Agora que já me passou mais a euforia, acho que poderia fazer um post como o da
Maria, dizer que Rufus Wainwright, no seu fato às riscas me arrebatou aos primeiros acordes de "Release the Stars", tal como há dois anos me elevou com "Agnus Dei". Que me fez ter vontade de me levantar da cadeira e dançar com "Beautiful Child", "Between My Legs" e "Rules and Regulations", que quase me fez chorar com "Poses", entre tantos momentos divinais... Rufus é grande, sabe o que faz, como ele próprio afirma no seu merchandising, é o "the greatest entertainer alive" (corrijam-me se estiver errada, por favor, memória frouxa como sou...).
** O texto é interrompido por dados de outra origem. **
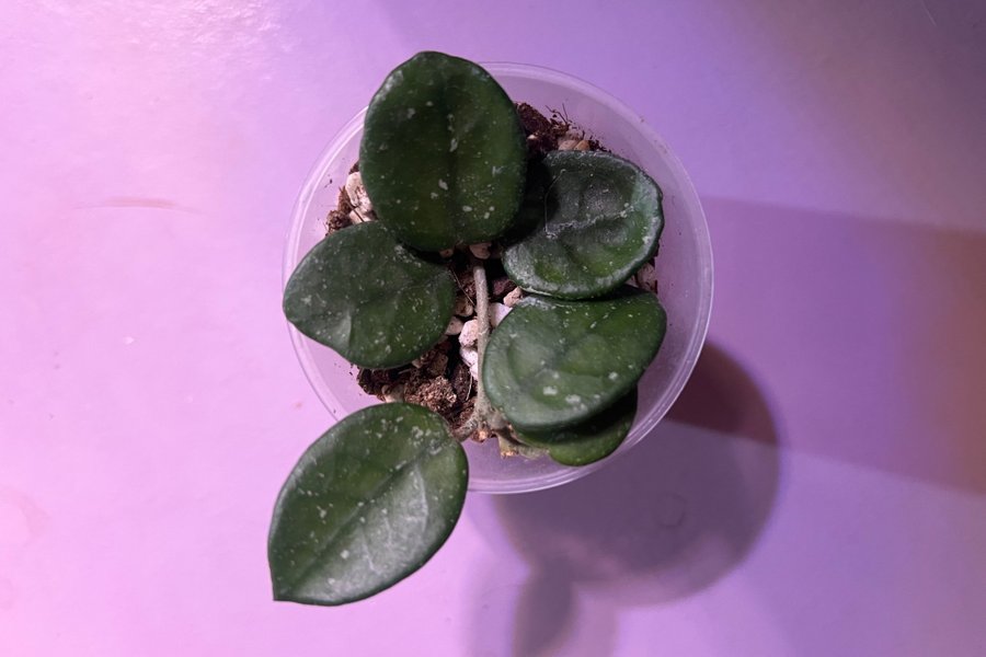 Hoya Mathilde är en korsning mellan Hoya carnosa och Hoya serpens. Bladen är små, runda och mörkgröna med silverstänk. Denna hoya är rotad i barkmix.
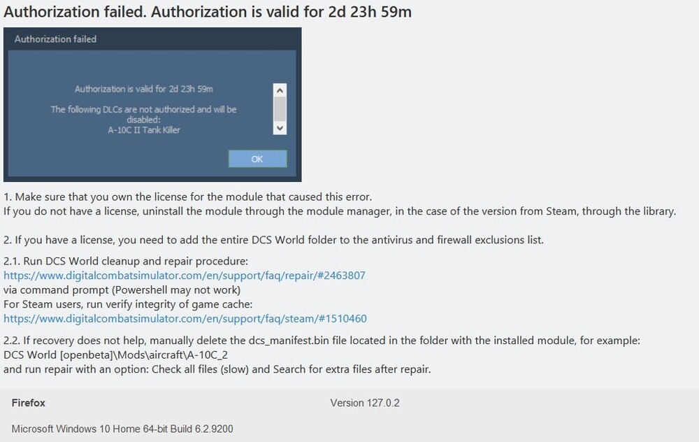 I wish I could give you an answer, but It seems I'm in the same boat. Pretty annoying, but not an emergency. I've checked the FAQ and done all suggestions. (Exclusion for DCS in AV was already there) Did the cleanup from the new launcher Did the repair form the new launcher Del'd the manifest files etc etc + Repair Very strange. Li'l help? -
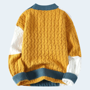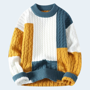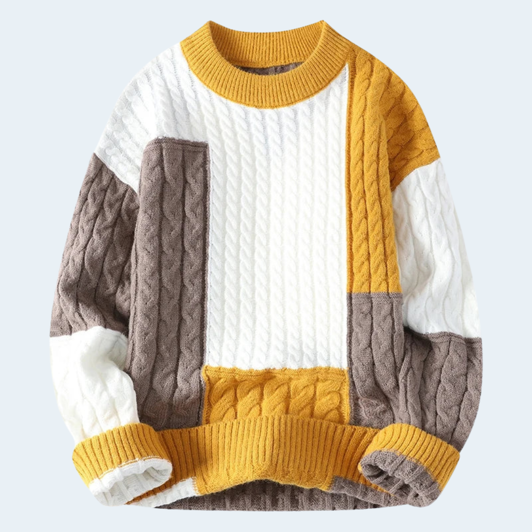 Crafted from a buttery soft knit, this patchwork sweater blends texture, warmth, and modern colour-block styling. The refined cable-knit detailing gives it depth and character, while the relaxed silhouette offers easy everyday comfort. Warm yet breathable, it’s a standout knitwear piece that works effortlessly across casual and smart-casual outfits.
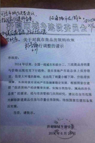 今天在网络上广泛流传一份显示为济南市建委发出的《关于对我市商品房限购政策进行调整的请示》文件内容称,济南市建委正在积极申请取消限购政策,待报国家住建部备案后实施。手写内容还显示有关批示:同意市城乡委的提议,并建议加强后续管理,防止本地市场出现大起大落及恶性炒房现象。(中新网房产频道)
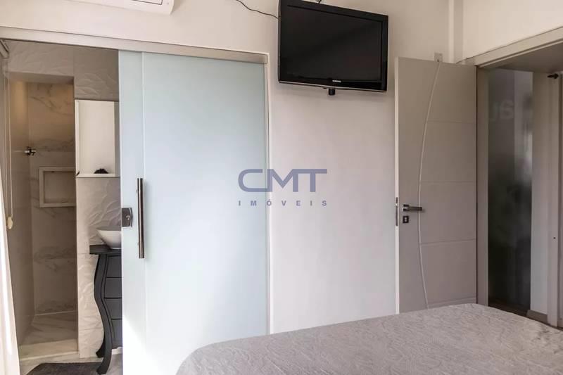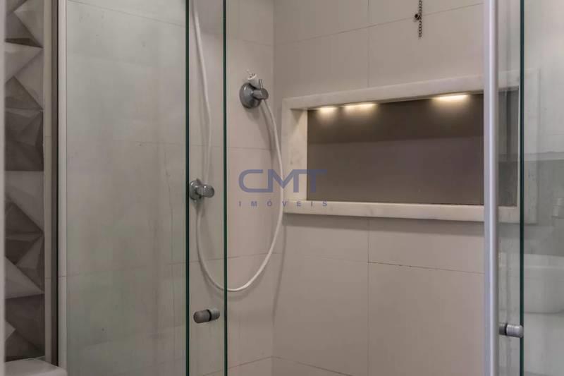 3 quartos espaçosos, todos com piso em vinílico de madeira, teto rebaixado e iluminação planejada e armários, sendo uma suíte com pia em cuba de apoio, espelho e box em blindex (a suíte vem com central de ar e TV)
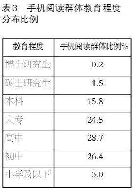 2010年进行过手机阅读的群体中,绝大多数集中在初中和高中学历。就整体而言,手机阅读群体相对集中于中低学历的人群中。具体如表3所示。
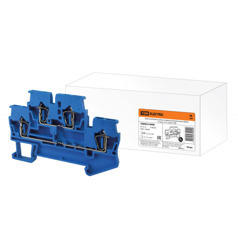 Двухуровневый зажим клеммный безвинтовой (ДЗКБ) 2,5 мм2 31А синий SQ0822-0068, Клемма на DIN-рейку
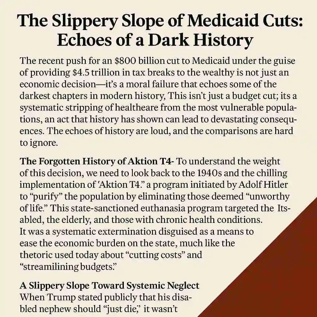 The recent push for over $800 billion in Medicaid cuts under the guise of providing $4.5 trillion in tax breaks to the wealthy is not just an economic decision, it’s a moral failure that echoes some of the darkest chapters in modern history. This isn’t just a budget cut; it’s a systematic stripping of healthcare from the most vulnerable populations, an act that history has shown can lead to dev
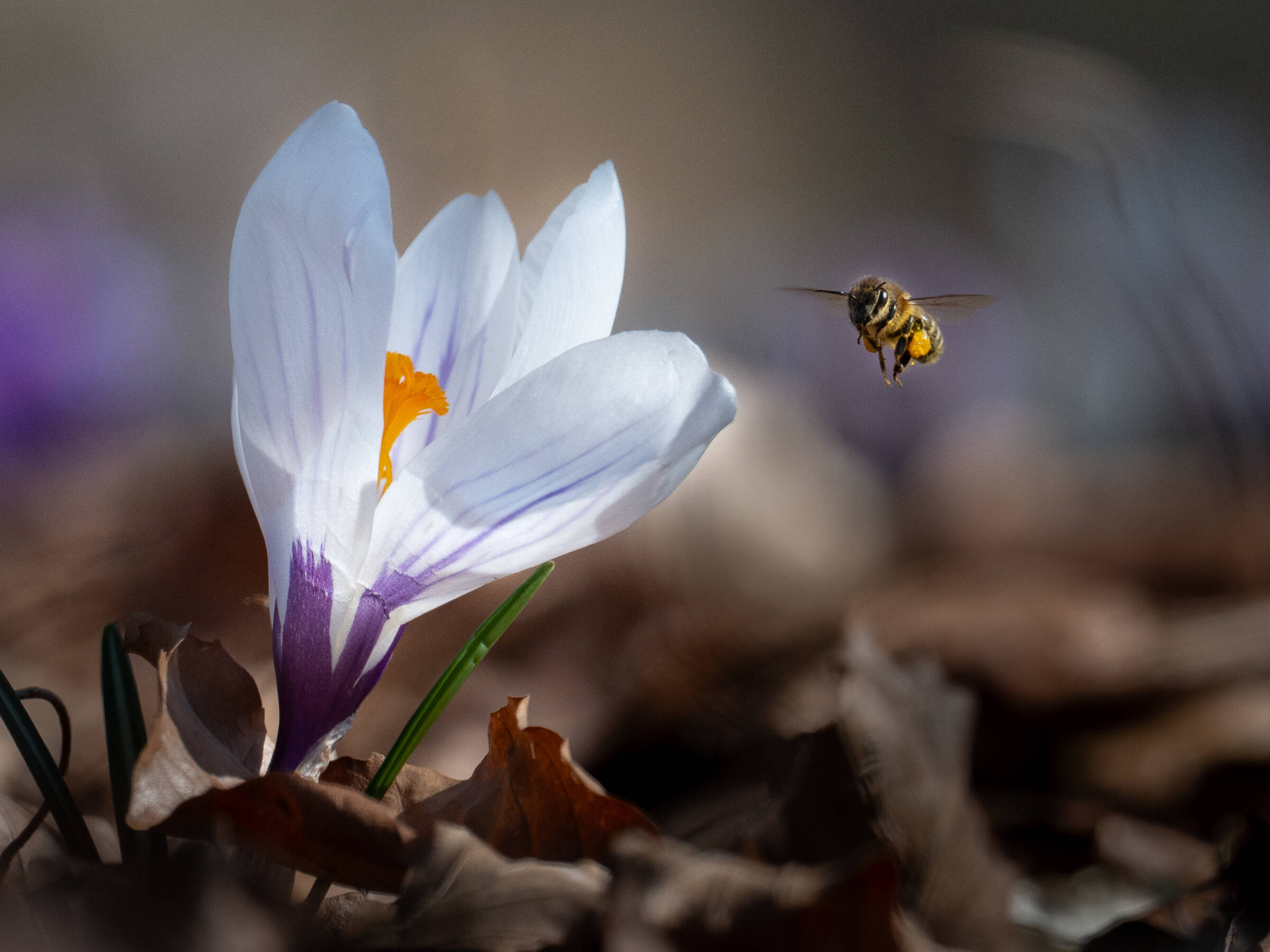Mykt lys skaper et harmonisk og fint bilde av fuglen i bevegelse. Den diffuse bakgrunnen er en fin innramming og gir betrakter innsikt i omgivelsene den flyr over. Skarpheten er på nebbet. Savner at øyet også er skarpt.
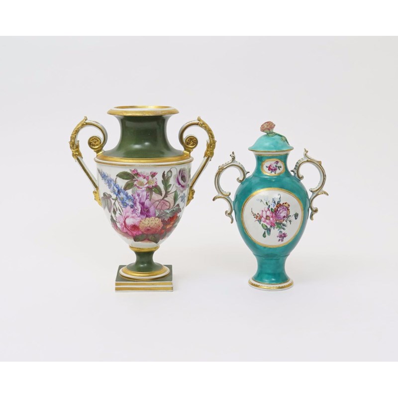 A Derby two-handled vase and cover c.1770, the ovoid form painted to each side with an oval panel of flowers, with smaller panels echoed to the neck, reserved on a sea green or French green ground, and a later Derby vase finely painted to one side with garden flowers including poppy, rose, dahlia and forget-me-not, reserved on a green ground, some restoration to the first, 29.5cm max. (3)
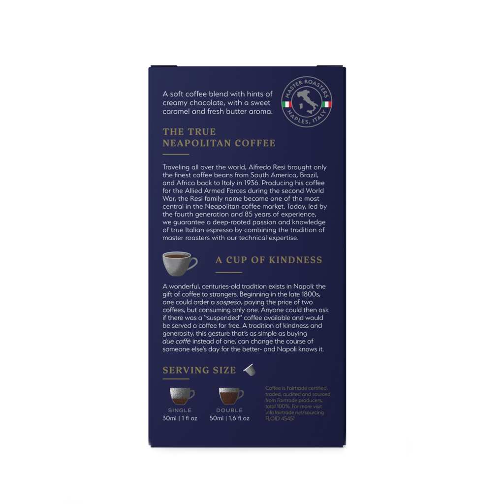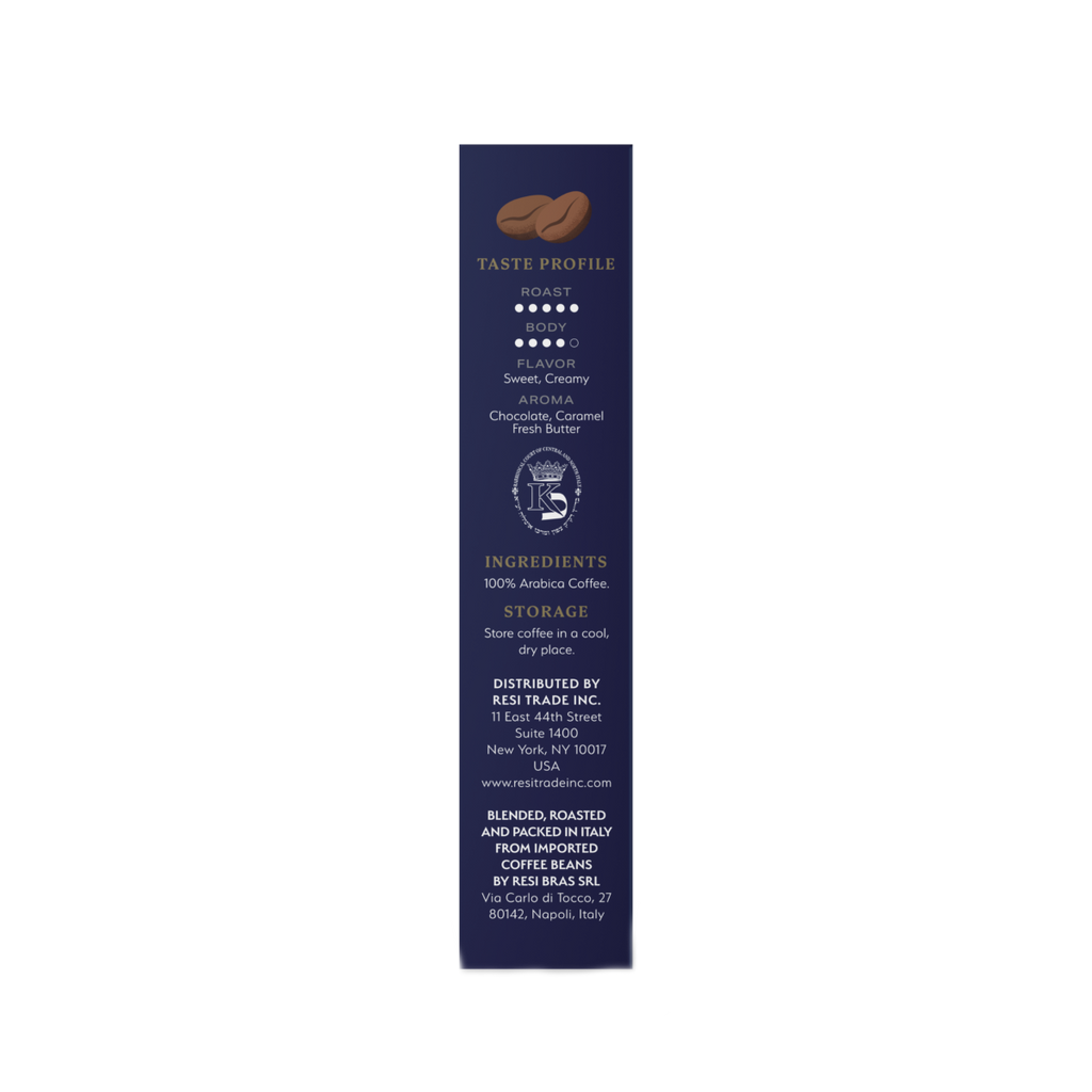 Nero Intense is a soft coffee blend with hints of creamy chocolate, with a sweet caramel and fresh butter aroma.
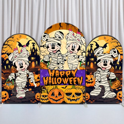 JY386 Mickey Minnie Mummy Costume Happy Halloween Arch Backdrop Cover Elastic Fabric Kids Halloween Decoration
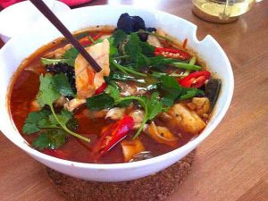 锅内放少许油入一部分蒜泥、花椒、生姜、辣椒炒出香味,放一大勺豆瓣酱继续翻炒后加入鱼骨高汤略煮加入木耳金针菇提鲜,加入生抽调味,滚开之后改中火下鱼片,鱼片变色立即关火出锅,将剩余辛香料撒上热油呛一下放上香菜装饰就完成了
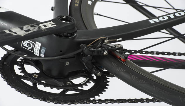 Aunque no terminan de ser del agrado de los usuarios, los frenos de anclaje directo bajo el pedalier tienen sus buenos argumentos y cuando se atiende correctamente a los requerimientos de rigidez de la zona, la diferencia con unos convencionales no se deja notar. En el caso de la Scultura se ha optado por esta solución, por un lado para favorecer la búsqueda de aerodinámica de la que antes hablábamos, y por otro para afinar al máximo los tirantes y lograr el necesario punto de absorción en una bici en la que se prima la rigidez. Cualidad esta, a nivel de pedalier, que es precisamente la responsable de que los frenos trabajen perfectamente en esta posición sin roces al ponerse de pie ni tacto chicloso.
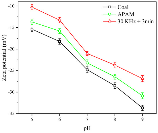 In slurry flocculation filtration, electrostatic repulsion between coal particles was the major force that inhibited particle flocculation [38]. The variation of the zeta potential was analyzed in Figure 13 under the different pH values. The results showed that ultrasonic pretreatment significantly reduced repulsive force between particles. When the filtrate pH = 7, the zeta potential of pure LRC slurry was −24.8 mV. APAM decreased the zeta potential of the slurry to −23.2 mV. After ultrasonic pretreatment, the zeta potential of the slurry was reduced to −21.0 mV. Generally, the farther the zeta potential value was from 0, the more stable was the suspension system. Meanwhile, the closer the zeta potential value was to 0, the weaker was the electrostatic repulsion between the particles, indicating that the suspension was more prone to flocculation [39,40]. This indicated that the ultrasonic pretreatment enhanced the interaction between APAM and particles, while reducing the particle surface potential and the repulsion between particles, thus contributing to the slurry flocculation.
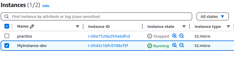 terraform apply -var-file="dev.tfvars"An EC2 Instance will be created in us-east-1 with type t2.micro
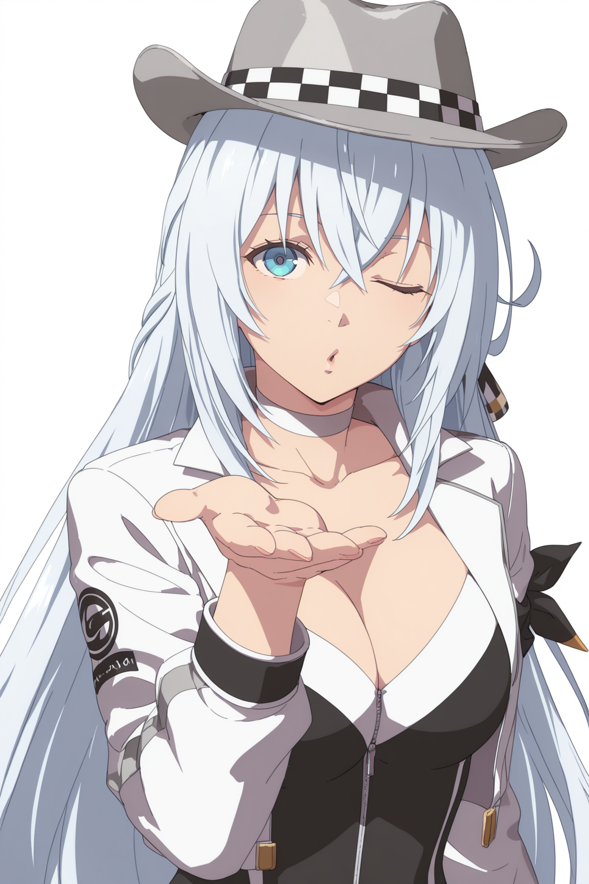racequeen02、white_choker、cowboy_hat、grey_headwear、white_jacket、cropped_jacket、black_leotard、cleavage、collarbone、full-length_zipper、grey_thighhighs、black_armband、
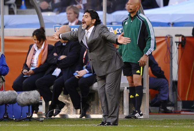 © Action Images/LaPresse 03/07/2010 Green Point Stadium, Cape Town sport calcio Mondiali Sudafrica 2010 Germania v Argentina nella foto: l'allenatore dell'Argentina Diego Maradona Only Italy Football - Germany v Argentina FIFA World Cup Quarter Final - South Africa 2010 - Green Point Stadium, Cape Town, South Africa - 3/7/10 Argentina coach Diego Maradona Mandatory Credit: Action Images / Jason Cairnduff Livepic
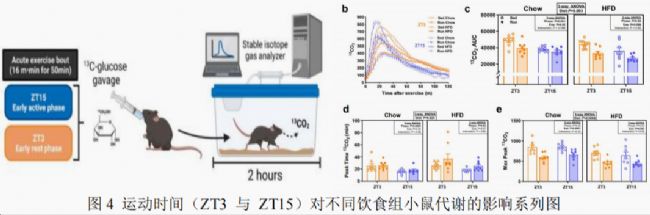 為了探討運(yùn)動(dòng)時(shí)間(晝夜節(jié)律)對(duì)運(yùn)動(dòng)后底物代謝的影響,以及肥胖如何改變這種“時(shí)間-代謝”可塑性,Karolinska與哥本哈根團(tuán)隊(duì)讓lean與HFD小鼠分別在靜息期(ZT3)或活動(dòng)期(ZT15)跑臺(tái)60min,隨后灌胃[U-¹³C

Cada canção foi um momento sublime. Cada pequena piada, cada conversa com o público um momento doce. Podia dizer isto e muito mais. Mas não digo. Vou deixar os vídeos falar por mim. São uma memória frouxa, para quem lé esteve, mas já se consegue ter uma pequena ideia da qualidade deste artista maravilhoso. Para recordar, quem lá esteve. E para servir de incentivo a quem não esteve - estejam lá para a próxima. Sim, porque vai haver próxima. Vão haver muitas próximas. Porque Rufus ama Lisboa como Lisboa ama Rufus. Ou Portugal ama Rufus. Aos vídeos, portanto:
Os parabéns ao baterista, mais a Beautiful child; (os sacões da câmara denotam a minha vontade de dançar), juntamente com o elogio ao cabelo preto dos portugueses.
A bela Slideshow(esta é para ti, amiga...).
E a despedida da banda, antes do encore. Que belas memórias....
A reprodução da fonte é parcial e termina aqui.